Alexander Craw (3 August 1850 – 28 June 1908) was a pioneer American economic entomologist. He was the first American entomologist to work in quarantine protection against foreign pests arriving by ship to San Francisco, California. Along with Albert Koebele he was involved in the introduction of Rodolia cardinalis from Australia to control Icerya purchasi. He was also involved in the introduction of Rhyzobius ventralis to control the black scale, Saissetia oleae.

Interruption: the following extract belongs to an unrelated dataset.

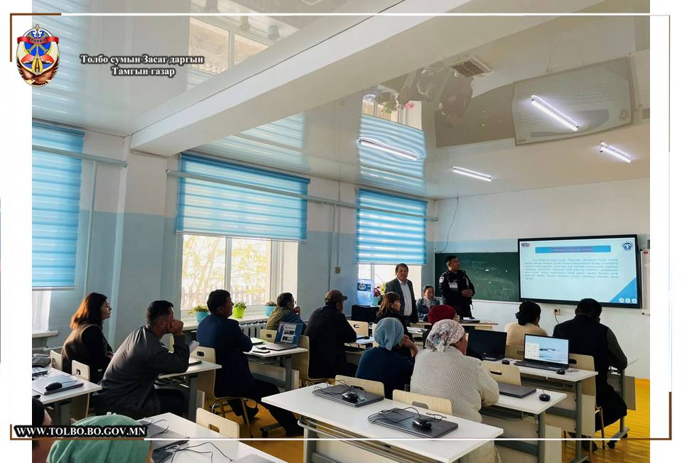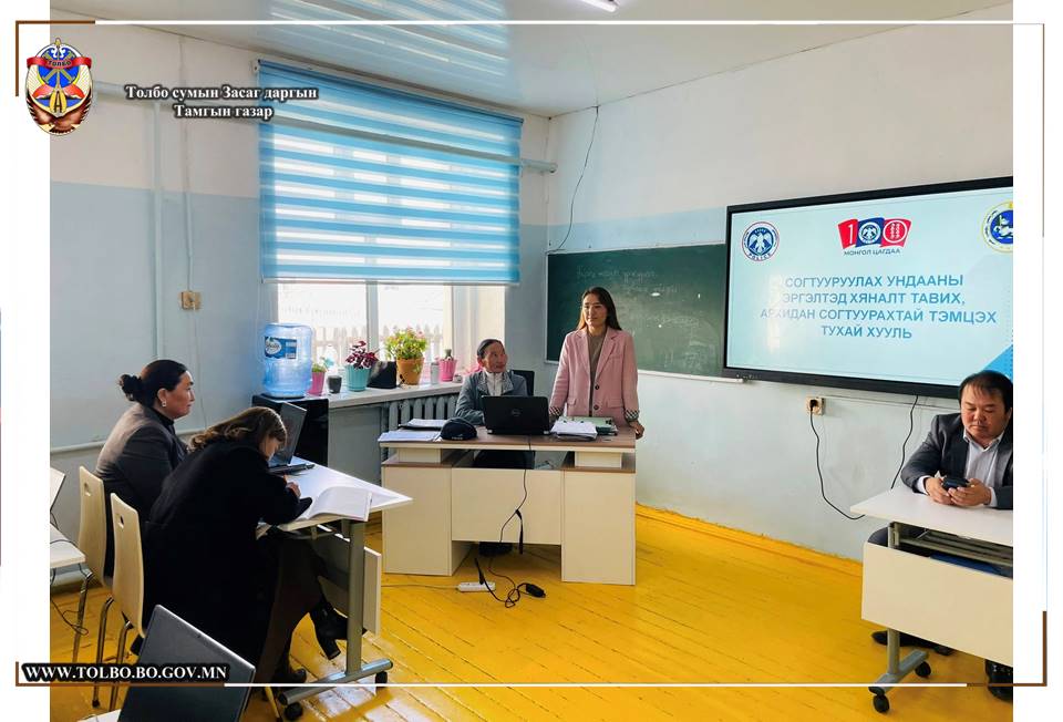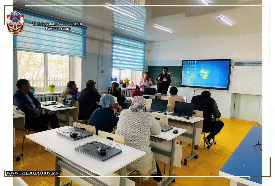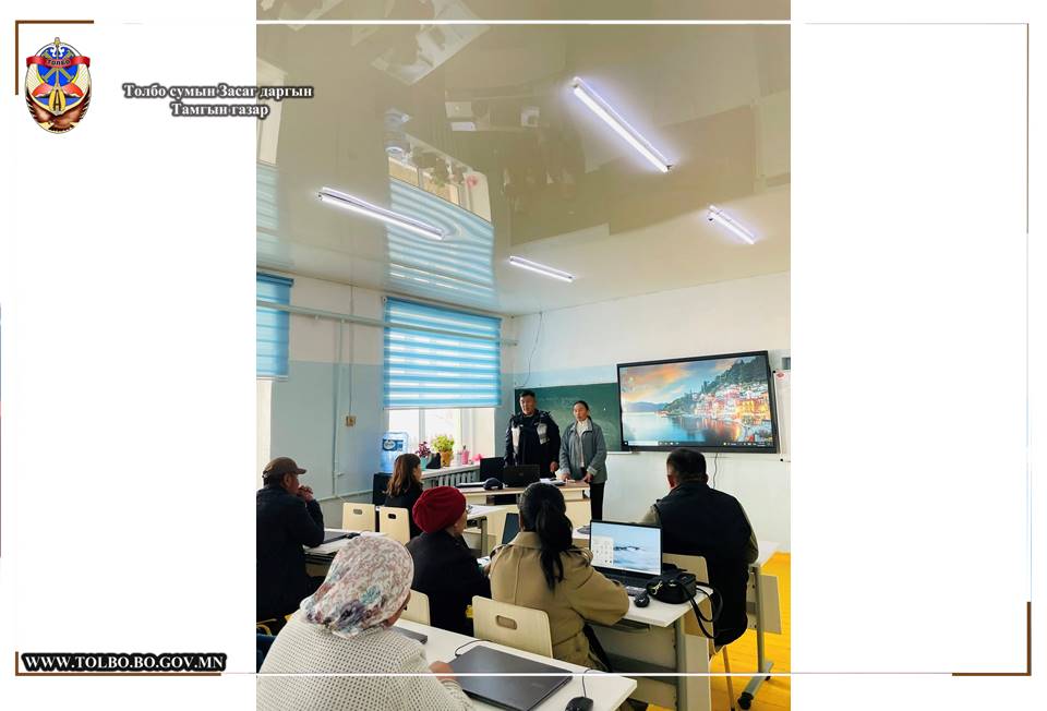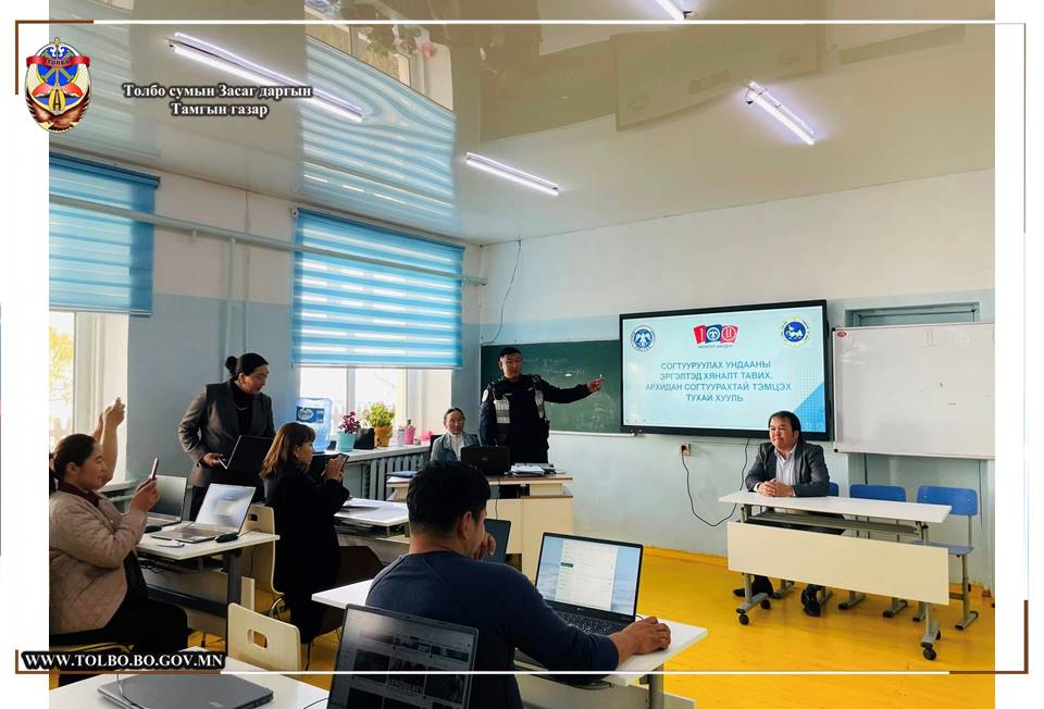 Толбо сумын Ерөнхий боловсролын сургуулийн албан хаагчдад Гэмт хэргээс урьдчилан сэргийлэх салбар зөвлөлөөс Гэмт хэргээс урьдчилан сэргийлэх тухай хууль, Архи согтууруулах ундааны эргэлтэд хяналт тавих, Архидан согтуурахтай тэмцэх тухай хууль, Цахим залилан, Эрүүгийн тухай хууль, Зөрчлийн тухай хуулийн талаар сургалт зохион явууллаа.

Craw was born in Ayr, South Ayrshire, Scotland where he trained in horticulture. He worked in the Royal nurseries at Ascot and at Martins and Son, Cottingham before he moved to California in 1873 and worked as a horticulturist there. After two years in San Diego, he worked at the Wolfskill orange groves in Los Angeles and became a member of the Horticultural Commission of California. From 1890 he worked in the port of San Francisco as a quarantine officer to prevent the entry of potential pests. In 1904 he quit his California position and took up a position as superintendent of entomology to the board of agriculture and forestry in Hawaii where he established quarantine procedures. His position in California was taken up by E.M. Ehrhorn. Craw died of kidney failure at Wawona in the Yosemite valley at the home of his sister. His papers were destroyed in fires following the 1906 San Francisco earthquake.